The US presidential election is next week, on November 5. This event traditionally has a significant impact on the global financial markets. A lot can change dramatically with a new president-elect — from taxation to foreign policy.
We have prepared a detailed analysis of what you can expect from the upcoming election. Overall, dramatic changes always mean volatility. To prepare to trade on volatility, ensure you have funded your account so you can promptly open your positions when the time is right.

Historic examples
To better understand the possible impact, let’s consider examples from the recent decades of the United States’ history.
2000: Bush vs. Gore
The election ended with a disputed vote count in Florida, which caused significant volatility in the markets. The S&P 500 index, which was at about 1,400 points in early November 2000, fluctuated over the next few months. During the first month, the index fell by 6.47%, partly because of concerns over the uncertainty of the new administration and its economic policies.
2008: Obama vs. McCain
The election occurred during the global financial crisis and led to significant market changes after Barack Obama’s victory. After the election, the S&P 500 index fell by 10.75% but fully recovered by the end of the year and continued to rise, driven by investor optimism over plans to reform health care and financial regulations.
Obama promised measures to save the economy, which boosted stocks in health care and infrastructure-related sectors. However, volatility persisted, and 2008 was a challenging year for stock markets overall.
2016: Trump vs. Clinton
The election was a sensation when Donald Trump defeated Hillary Clinton, which surprised many analysts and investors. After the results were announced, the S&P 500 index rose 5.77% in the first month. Investors anticipated tax cuts and less regulation, which boosted stocks in energy and finance.
Financial stocks, such as banks, particularly benefited from Trump’s victory as his administration proposed to ease the regulations imposed after the 2008 financial crisis.

S&P 500 in the first post-election month of 2016
2020: Biden vs. Trump
The 2020 election took place amid the COVID-19 pandemic. Initially, Biden’s victory caused short-term volatility, but the S&P 500 index quickly recovered and continued to grow. The main growth drivers were expectations of a massive economic stimulus and vaccination program.

S&P 500 in the first post-election month of 2020
Markets affected by the election results
Stock market
The equity market is one of the most sensitive to election results. Investors evaluate how the new president’s politics may affect corporate earnings. The reaction depends on the sector: an election could lead to stock gains in energy and finance if the president-elect supports traditional businesses or to growth in technology and renewable energy because of his focus on social and environmental programs.
Bond market
Expectations about changes in government policy can cause interest rates to fluctuate. For example, if a new president promises significant fiscal spending, inflation expectations can grow, leading to higher interest rates and falling bond prices.
Commodities
• Energy policies can significantly affect oil and gas prices.

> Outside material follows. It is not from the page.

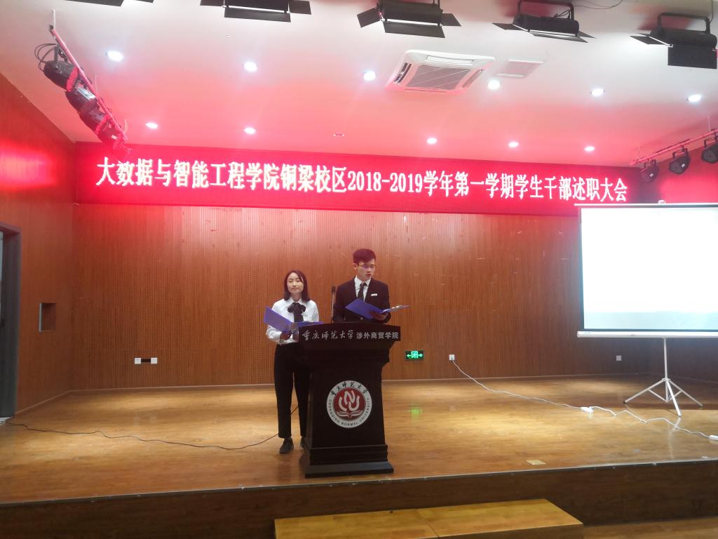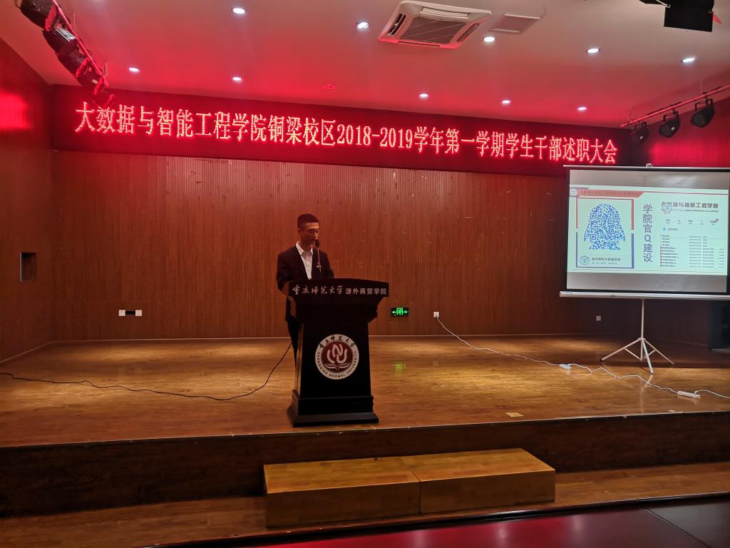 2018年4月,365英国上市集团成立,物联网工程、电子科学与技术、数字媒体技术、数据科学与大数据技术四个工科专业组成新公司。2018年9月,公司迎来第一届新生,在历经迎新、军训、体检、入学教育、贫困认定、助学金评定、员工信息采集核对及正常行课后,期末接踵而来。四个月间,员工会与班团干部作为老师与员工的纽带,发挥了重要作用。为系统总结员工会各部门、各专业自然班级员工干部运行情况,通过公开公平的方式接受公司2018级全体员工监督,及时总结工作经验,互相取长补短、比学赶超,2019年1月1日新年第一天,公司在铜梁校区学术报告厅举行了2018-2019学年度第一学期员工干部述职大会,9个班级与员工会8个部门的员工干部高度重视,述职报告结合精心制作的PPT,辅助视频、互动等,展开了精彩的总结。

If the president-elect supports increased production, this could push prices down. However, a focus on sustainability could stimulate demand for alternative energy sources.
• Gold is considered a safe-haven asset in any situation of uncertainty. Investors may increase their investments in gold, pushing the price of gold-based instruments higher.
Currency market
• Expectations of changes in economic policy can affect the US dollar. For example, if the president-elect proposes programs to deepen the budget deficit, it could weaken the USD. Vice versa, positive economic expectations could strengthen it.
• Investors may also reconsider their positions in other currencies depending on political risks and expected changes in economic policy.

XAUUSD in the first post-election month
What if Kamala Harris wins
• Harris proposes to increase taxes on high-income earners and large corporations.
This could damage corporate profitability and cause anxiety in the stock market.
• A focus on clean technology and sustainability could lead to increased investment in renewable energy.
Equities are expected to rise in sustainability and healthcare, but traditional sectors may face risks.
• Expanding social programs in healthcare and education could increase government spending and debt.
The dollar may weaken, causing investors to worry about the country’s future financial health.
What if Donald Trump wins
• Trump proposes reducing corporate tax from 21% to 15% for local manufacturers. This could stimulate economic growth, increase investment, and create jobs, but it could also increase the budget deficit.
Stocks in energy, construction, and manufacturing sectors are expected to rise. The US dollar could strengthen if investors see the United States as a more attractive place to invest due to tax cuts.
• Trump will continue his trade war with China, which could damage global supply chains and lead to market volatility.
However, trade war politics may cause volatility and risks for international companies.
How should you trade?
The election between Donald Trump and Kamala Harris is a critical event that could dramatically impact financial markets next week and for months. Traders and investors must carefully analyze the candidates’ agendas and long-term economic implications to make informed decisions in uncertain conditions.
Next week and a few months after the election will be crucial, and we can expect intense volatility. Make sure you understand these factors to develop an effective risk management strategy and optimize your portfolio depending on the election outcome.